The young Frankfurt musicians Carlo Bohländer and Emil Mangelsdorff formed a jazz band in 1941 with the clarinetist Charly Petri , the bassist Hans Otto Jung and the drummer Hans Podehl during the time of National Socialism, which according to Joachim-Ernst Berendt "the nucleus for the Frankfurt post-war jazz " should form; they played secretly, in the camouflage swing title typical of the time , by providing the almost exclusively US-American pieces with German titles, because everything American was officially forbidden. The musicians first appeared as a Harlem combo in the "Rokoko-Diele", which was located in a backyard of the Kyffhäuser Hotel at Kaiserstrasse 69, and later played in an empty factory building.

On May 17, 1945, the musicians received a license as a hot club sextet from the US occupation authorities, through which public appearances were permitted.

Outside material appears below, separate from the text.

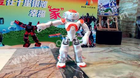 騎馬舞機器人,靈活的雙腳機器人,它能表演俯臥撐、仰臥起坐、前滾翻、后滾翻,表演節(jié)目:俏夕陽(舞蹈)、街舞、南非世界杯舞蹈;而最激動人心的還是火熱的江南style舞蹈,更有小朋友跟著舞蹈和機器人一起跳了起來。
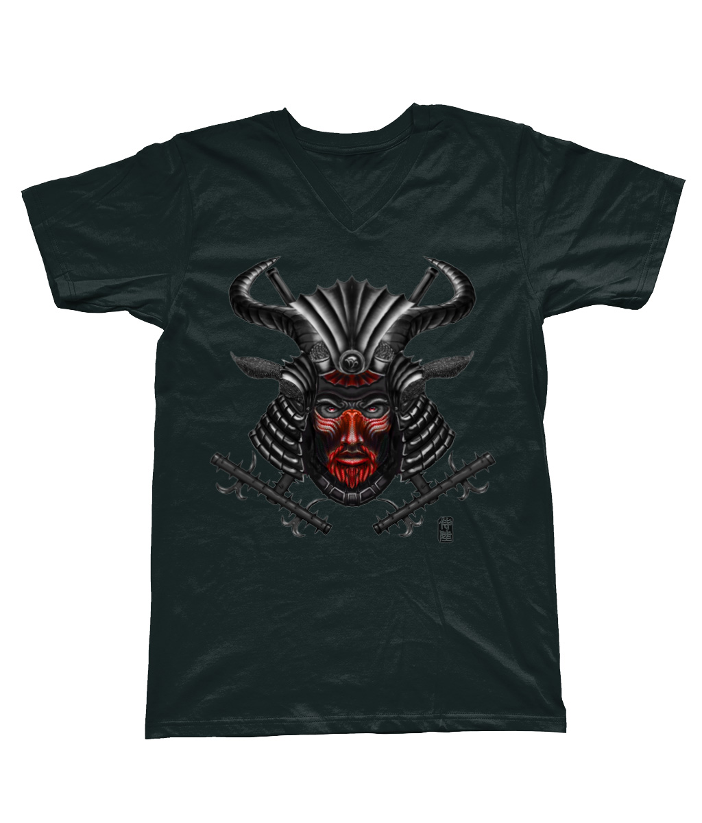 Capricorn with Red Mask – V Neck Samurai T-Shirt

In the post-war ensemble, which was to exist until 1948, the pianist Heinz Gietz , the tenor saxophonist Werner Dies , the drummer Willy 'Bottle' Kühn, the bassist Steve Spiegel and the guitarists Heinz Tischmann and Béla Martinelly played . The sextet performed in US clubs on the one hand, but also in a club in Frankfurt's Myliusstrasse on the other; the program was copied and sent by Horst Lippmann. In 1948, the sextet took a different line on (with Bohländer, tp, this ts, Gietz, p, Louis Freichel , Vib and Young on bass, Lippmann on drums in the sextet as bebop combo; for Dixieland programs changed Freichel to Trumpet and This to the clarinet.) The sextet has now recorded jazz tracks for Radio Frankfurt and soon also for Radio Saarbrücken . The sextet won the competition of various jazz combos organized by the Frankfurt broadcaster "with a tremendous advantage" (according to Horst Lippmann).

The sextet also acted as the musical backbone of jam sessions, which were broadcast weekly from the Palmengarten Special Services Club to AFN in 1948 and led to inquiries from Belgium, the Netherlands, England, Switzerland, Sweden and Norway.

literature

Remarks

  1. Later the formation (until 1944, with changing line-ups) included the violinist Paul Martin , the drummer Ata Berk , the pianist Lous Freichel , Horst Lippmann , the bassist Heiner Merkel and the trombonist Rudy Thomsen ; see. C. Bohländer, 1977 & 1990
  2. Michael H. Kater Daring Game. Jazz under National Socialism . Cologne 1995, p. 276ff.
  3. Jürgen Schwab The Frankfurt Sound , p. 74f.